Norman Sykes

Personal information
- Date of birth: 16 October 1936
- Place of birth: Bristol, England
- Date of death: 9 December 2009 (aged 73)
- Position: Wing half

Youth career
- 0000–0000: Bristol Five Boys' Club
- 0000–1952: Bristol Boys
- 1952–1953: Bristol Rovers

Senior career*
- Years: Team / Apps / (Gls)
- 1953–1964: Bristol Rovers / 214 / (5)
- 1964: Toronto City
- 1964–1965: Plymouth Argyle / 3 / (0)
- 1965–1967: Stockport County / 52 / (7)
- 1967: Doncaster Rovers / 15 / (0)
- 1967–????: Altrincham
- Total:  / 284 / (12)

International career
- England Schoolboys
- England Youth

= Norman Sykes =

English footballer

Norman A.J. Sykes (16 October 1936 – 9 December 2009) was a professional footballer who played in The Football League for Bristol Rovers, Plymouth Argyle, Stockport County, and Doncaster Rovers between 1953 and 1967.

Sykes played youth football for various teams in his home town of Bristol before signing his first professional contract with Bristol Rovers on his seventeenth birthday, with whom he spent twelve years, including one year as a youth team player.
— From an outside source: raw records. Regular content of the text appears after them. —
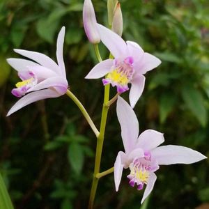 おはようございます❀.(*´∇`*)❀. 白花姫シラン.·˖*·⑅♡ 咲きました~💕🤗 うっすらピンクに濃いピンクのリップをつけたような可愛いらしい花ですღ˘◡˘ற⋆*:."
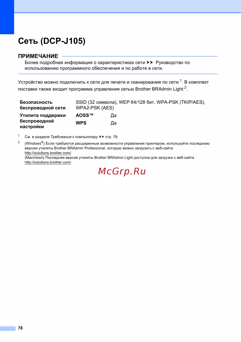 поставки также входит программа управления сетью Brother BRAdmin Light
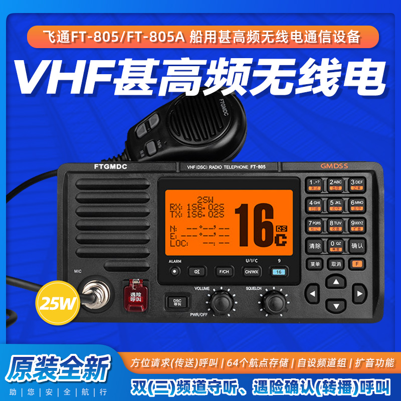 正品飞通甚高频电台FT-805/805A船用车载防水显示屏VHF户外对讲机
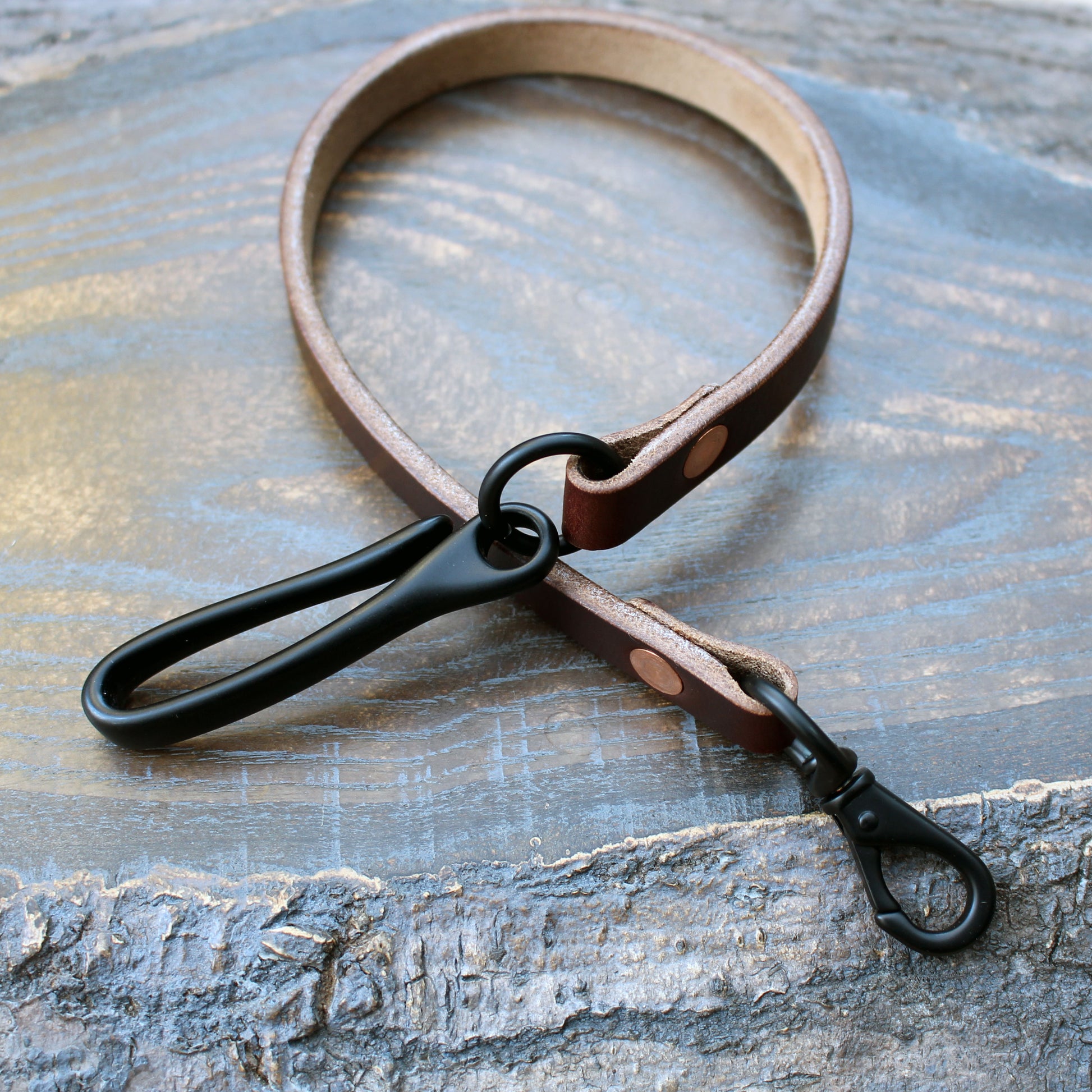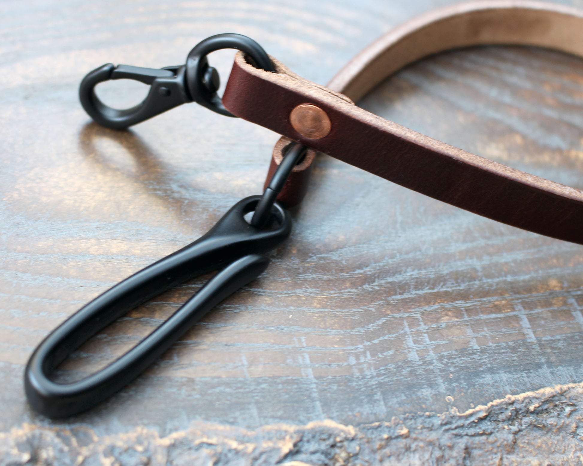 Both pieces of hardware are solid brass with a long-lasting PVD matt black finish, and made in a USA foundry - this finish is hard wearing but does cost slightly more. The Japanese-style fish hook slips through a belt loop or over a belt, and this version has a compact swivel lever clip at the other end. I use copper saddler's rivets to keep everything extra-secure.
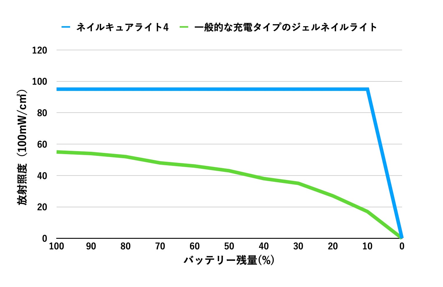 充電タイプのジェルネイルライトは、通常電池残量が少なくなるとパワー(放射照度)が落ちて、硬化スピードが落ちるなど影響がありました。ネイルキュアライト4は、パワーが充電残量に関わらず一定出力。安定した硬化スピードを実現します。
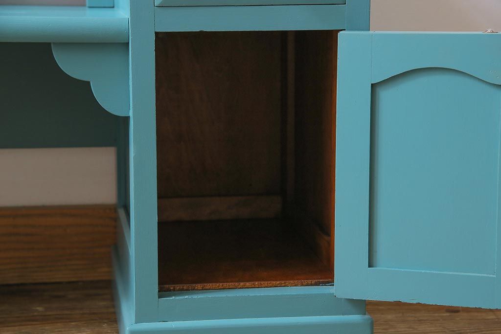 ラフジュ工房> ドレッサー・鏡台 > ビンテージ 松本民芸家具 特注品 リペイント 爽やかなカラーが目を引くドレッサー(鏡台)
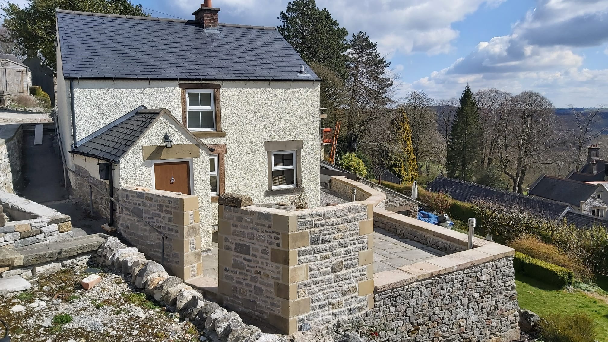 This stone wall was built with bespoke reclaimed quoins with a distinct mustard colouring.
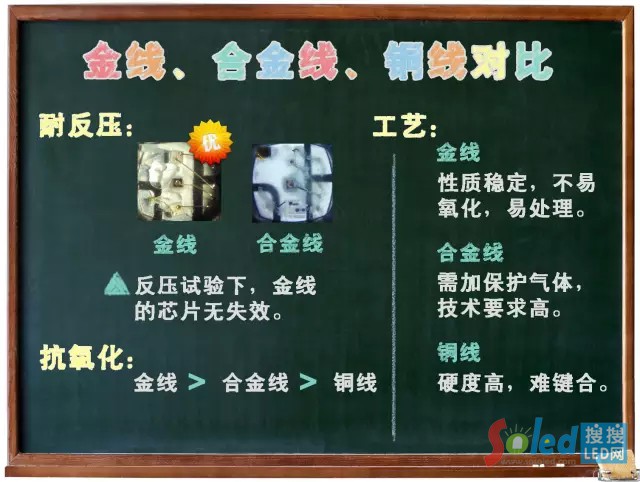 LED燈需要通過連接線將芯片與引腳導(dǎo)通作為電流的通道,而鍵合線就充當(dāng)著這個連接線。與支架合金一樣,鍵合線也是器件的重要組成部分,其優(yōu)劣直接影響燈管品質(zhì)。廠商最常用的鍵合線有銅線、合金線和純金線。下面我們來對比一下三種金屬的鍵合線有什么差別。
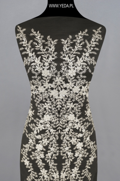 Wysokiej jakości koronka zdobiona wyróżniająca się niebanalnym wzorem oraz dekoracyjnymi detalami. Stworzona została z myślą o najbardziej wymagających kobietach, którym zależy na uzyskaniu wyjątkowej i efektownej stylizacji. Prezentowana koronka świetnie sprawdzi się jako baza ślubnej lub wieczorowej kreacji. Swój urok zawdzięcza znajdującym się na niej detalom. Odbijają one światło i rozświetlają materiał, a w konsekwencji przykuwają spojrzenia.
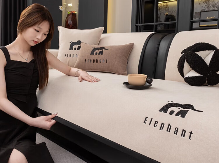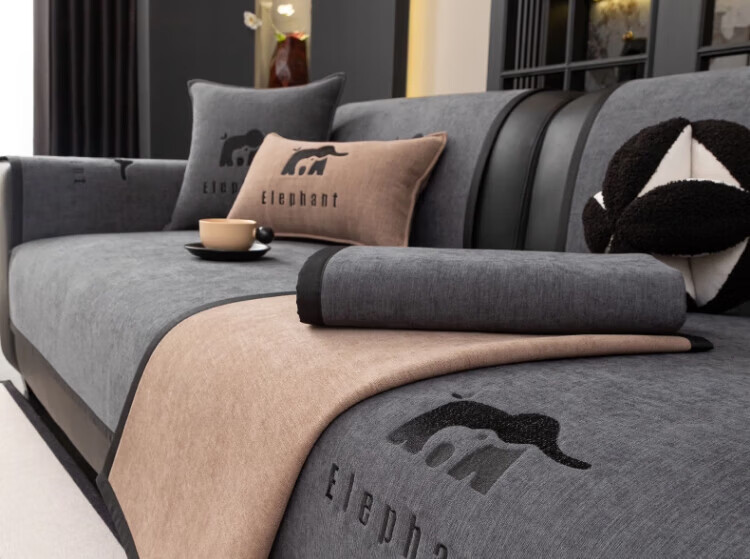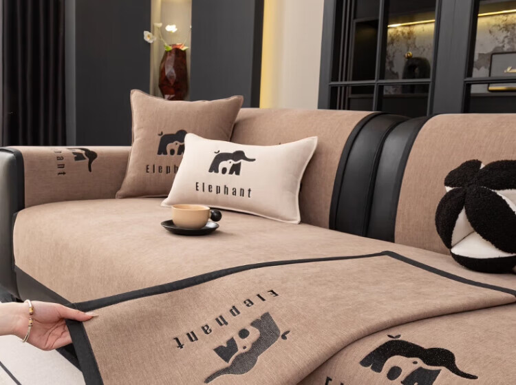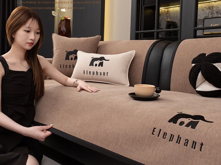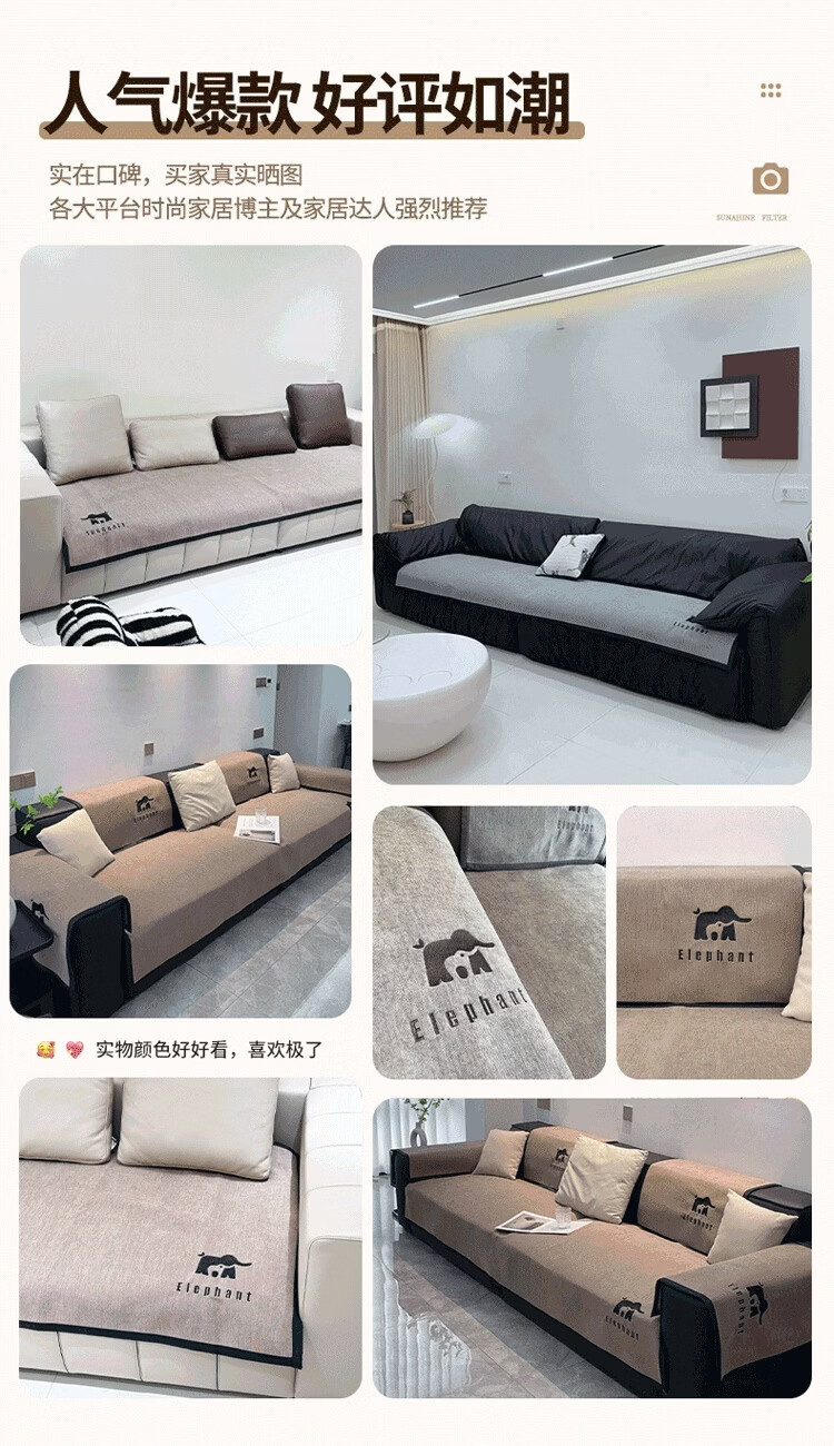 Lange Genuine Leather Special Anti-Slip 2025 Light Luxury Sofa Cushion Suitable for All Seasons, Dirty Resistant and Wear-Resistant Chenille Straight Seat Cushion Vientiane-Cocoa Skin Friendly Suitable for All Seasons 90cm*90cm (Enlarged and Widened Armrests and Backrests)

In 1961 he had an unsuccessful trial with Chelsea and returned to Bristol Rovers until in 1964 he joined Plymouth Argyle for a transfer fee of £2,000, but during his time there he was dogged by injury and made just three League appearances for them. In the summer of 1964 he played in the Eastern Canada Professional Soccer League with Toronto City.

He played 52 League games for Stockport County in seventeen months between September 1965 and February 1967, before spending the remainder of the 1966–67 season with Doncaster Rovers. Following that he dropped down to non-League football, where he played for Altrincham.

After his footballing career Sykes opened a teetotal nightclub in Manchester in 1975, and later lived and worked in Manchester.